--- INPUT MATERIAL ---

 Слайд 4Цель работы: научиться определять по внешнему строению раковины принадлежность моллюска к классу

---
--- INPUT MATERIAL ---

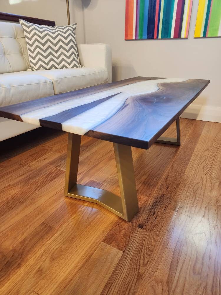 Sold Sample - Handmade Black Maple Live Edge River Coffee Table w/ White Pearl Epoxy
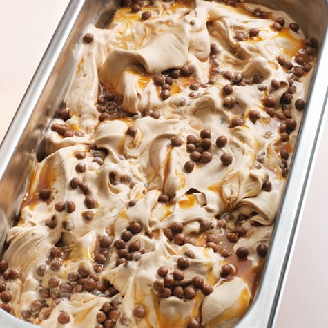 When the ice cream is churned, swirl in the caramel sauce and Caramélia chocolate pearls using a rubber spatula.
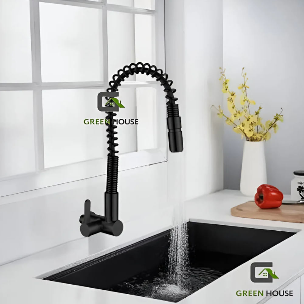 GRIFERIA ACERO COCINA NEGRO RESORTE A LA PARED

---

[WORK ORDER]: In the listing above, find the line with "When the ice" and the line with "GRIFERIA ACERO COCINA". Copy both of them and every line between, exactly, but not the pictures.

[ANSWER TO THE PROBLEM]:
 When the ice cream is churned, swirl in the caramel sauce and Caramélia chocolate pearls using a rubber spatula.
 GRIFERIA ACERO COCINA NEGRO RESORTE A LA PARED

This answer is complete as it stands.